Required action:
Would you transcribe the listing that follows, character for character, and omit its images?

Material provided:

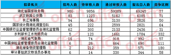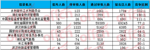 湖北報名人數(shù)最多的十大部門
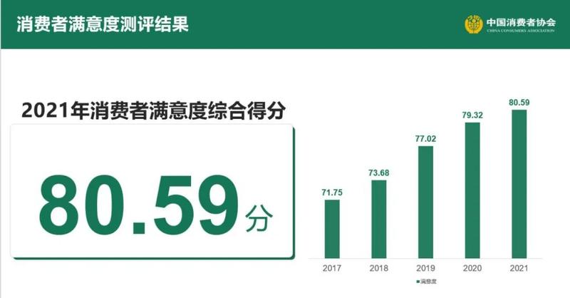 測(cè)評(píng)結(jié)果顯示,2021年度100個(gè)城市消費(fèi)者滿意度綜合得分為80.59分,較2020年提高1.27分,且首次突破80分。
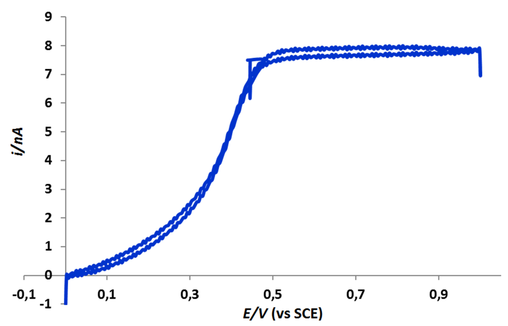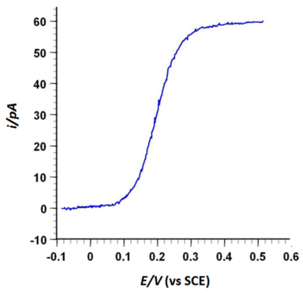 This AFM-SECM-electrode was then characterized by steady-state voltamperometry to get an estimate of the electro-active area of the tip from the limiting current. The well-characterized rapid electron transfer ferrocenedimethanol redox species was used. The typical current-potential sigmoidal curve obtained with an AFM-SECM-electrode is shown in Figure 2.
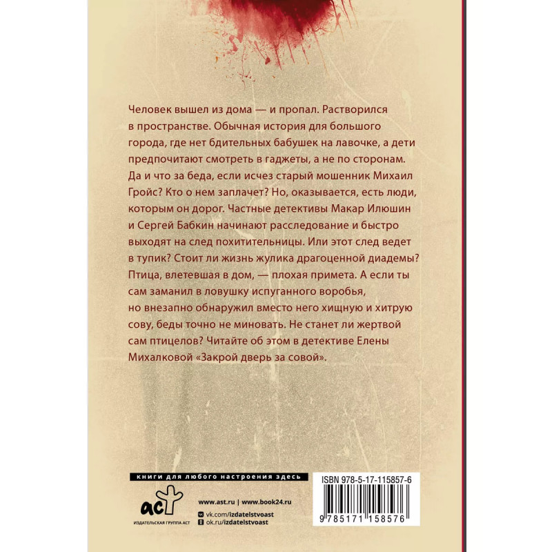 Закрой дверь за совой. Человек вышел из дома - и пропал. Растворился в пространстве. Обычная история для большого города, где нет бдительных бабушек на лавочке, а дети предпочитают смотреть в гаджеты, а не по сторонам. Да и что за беда, если исчез старый мошенник Михаил Гройс? Кто о нем заплачет? Но, оказывается, есть люди, которым он дорог. Частные детективы Макар Илюшин и Сергей Бабкин начинают расследование и быстро выходят на след похитительницы. Или этот след ведет в тупик? Стоит ли жизнь жулика драгоценной диадемы? Птица, влетевшая в дом, - пл.оxая примета. А если ты сам заманил в ловушку испуганного воробья, но внезапно обнаружил вместо него хищную и хитрую сову, беды точно не миновать. Не станет ли жертвой сам птицелов? Читайте об этом в детективе Елены Михалковой "Закрой дверь за совой".

Solved problem:
 湖北報名人數(shù)最多的十大部門
 測(cè)評(píng)結(jié)果顯示,2021年度100個(gè)城市消費(fèi)者滿意度綜合得分為80.59分,較2020年提高1.27分,且首次突破80分。
 This AFM-SECM-electrode was then characterized by steady-state voltamperometry to get an estimate of the electro-active area of the tip from the limiting current. The well-characterized rapid electron transfer ferrocenedimethanol redox species was used. The typical current-potential sigmoidal curve obtained with an AFM-SECM-electrode is shown in Figure 2.
 Закрой дверь за совой. Человек вышел из дома - и пропал. Растворился в пространстве. Обычная история для большого города, где нет бдительных бабушек на лавочке, а дети предпочитают смотреть в гаджеты, а не по сторонам. Да и что за беда, если исчез старый мошенник Михаил Гройс? Кто о нем заплачет? Но, оказывается, есть люди, которым он дорог. Частные детективы Макар Илюшин и Сергей Бабкин начинают расследование и быстро выходят на след похитительницы. Или этот след ведет в тупик? Стоит ли жизнь жулика драгоценной диадемы? Птица, влетевшая в дом, - пл.оxая примета. А если ты сам заманил в ловушку испуганного воробья, но внезапно обнаружил вместо него хищную и хитрую сову, беды точно не миновать. Не станет ли жертвой сам птицелов? Читайте об этом в детективе Елены Михалковой "Закрой дверь за совой".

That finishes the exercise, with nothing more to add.